Ratio imaging uncovers novel tissue regions and metabotypes that are not evident from individual metabolite imaging alone. For example, ratio imaging of neurotransmitter-related metabolites in mouse brain reveals an unexpected "arc-like" region encompassing the hypothalamus, striatum and nucleus accumbens.
Combining ratio and non-ratio pixel data enables the discovery of significant but previously unappreciated correlations between metabolite ratios and other molecular features, providing new hypotheses for further investigation.
Metabolite ratio-based PCA and UMAP segmentation generate robust, artefact-free ROIs that link proxy metabolic activities, outperforming segmentation based on individual metabolite data.

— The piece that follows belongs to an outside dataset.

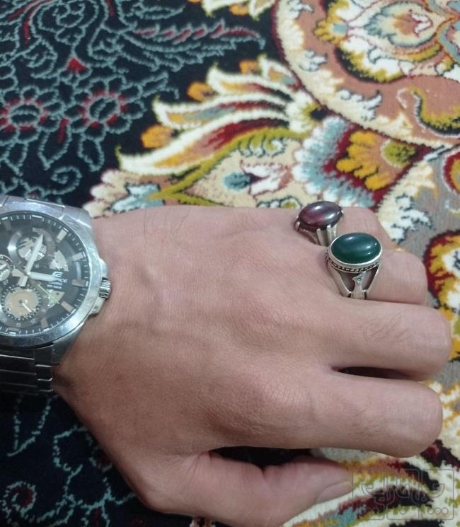 انگشتر لعل با انگشتر عقیق کار استاد اکبر بسیار زیبا و چشم نواز بانقره خوش تبخ عیار بالاپنبه ای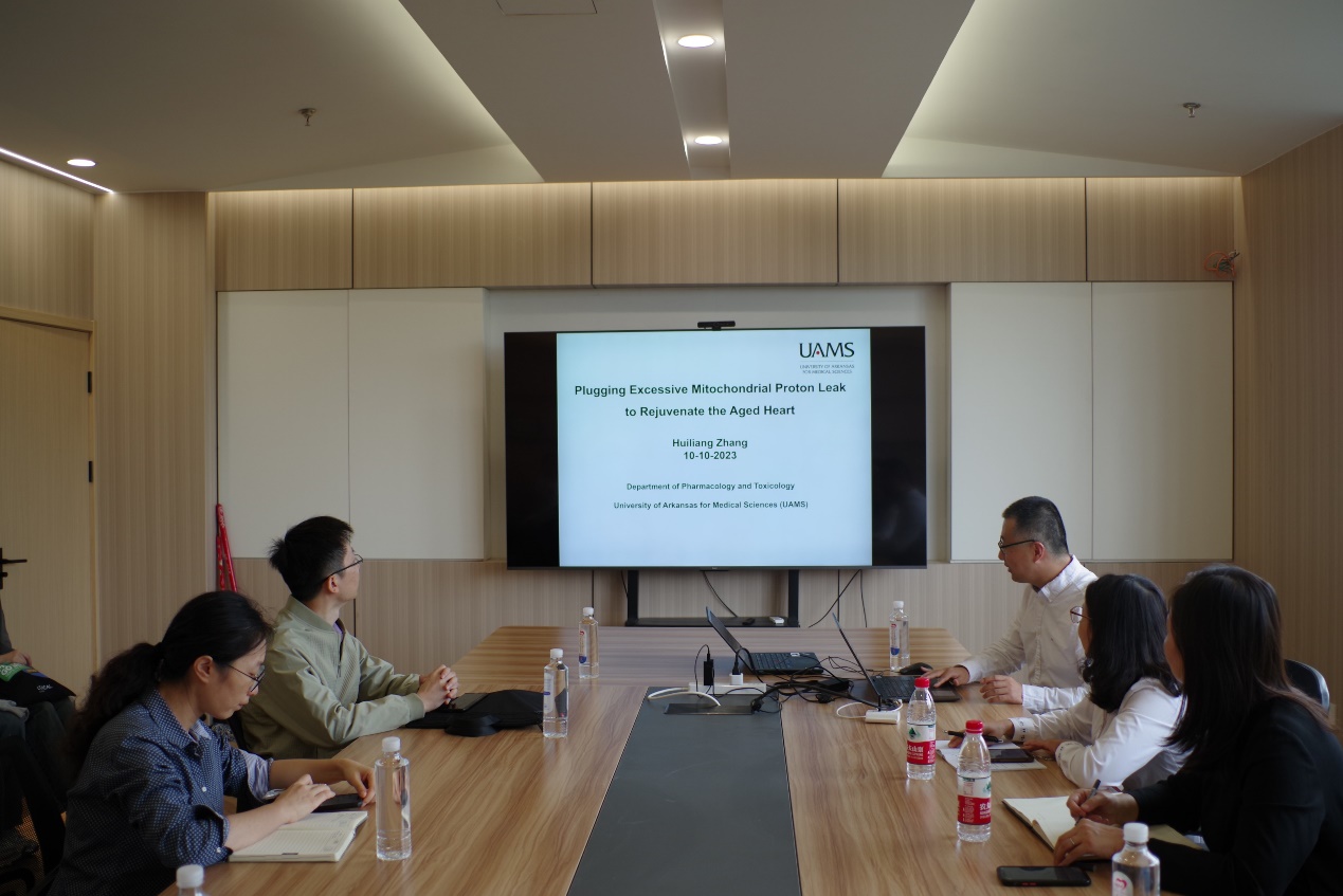 师生作题为Plugging Excessive Mitochondrial Proton Leak to Rejuvenate the Aged Heart的学术报告。药物科学系黄瑾教授主持了报告会。

Overall, the untargeted metabolite ratio imaging approach described offers a powerful new tool to enhance spatial metabolic profiling and enable the discovery of novel biomarkers and metabolic pathways associated with physiological and pathological states.
Stats
Ratio of glutamate to glutamine is elevated in the nucleus accumbens region of COX10 knockout mouse brain compared to wildtype.
Ratio of aspartate to N-acetylaspartate is decreased in the outer cortex of COX10 knockout mouse brain compared to wildtype.
Ratio of N-acetylaspartylglutamate to N-acetylaspartate is increased in a specific region of the COX10 knockout mouse brain compared to wildtype.
Quotes
"Pixel-by-pixel metabolite ratio imaging almost invariably resolves distinct tissue structures but also uncovers fine structure and anatomically unrecognized regions not revealed by individual metabolite imaging alone."
"Combining ratio and non-ratio pixel data offers a powerful new tool to survey significant but unappreciated global correlations between metabolites ratios (both structurally defined and undefined) in distinct ROIs that are revealed by metabolite ratio tissue segmentation."
"We anticipate targeted and untargeted metabolite ratio imaging to provide a powerful add-on tool for MSI experiments, revealing otherwise hidden information in acquired datasets."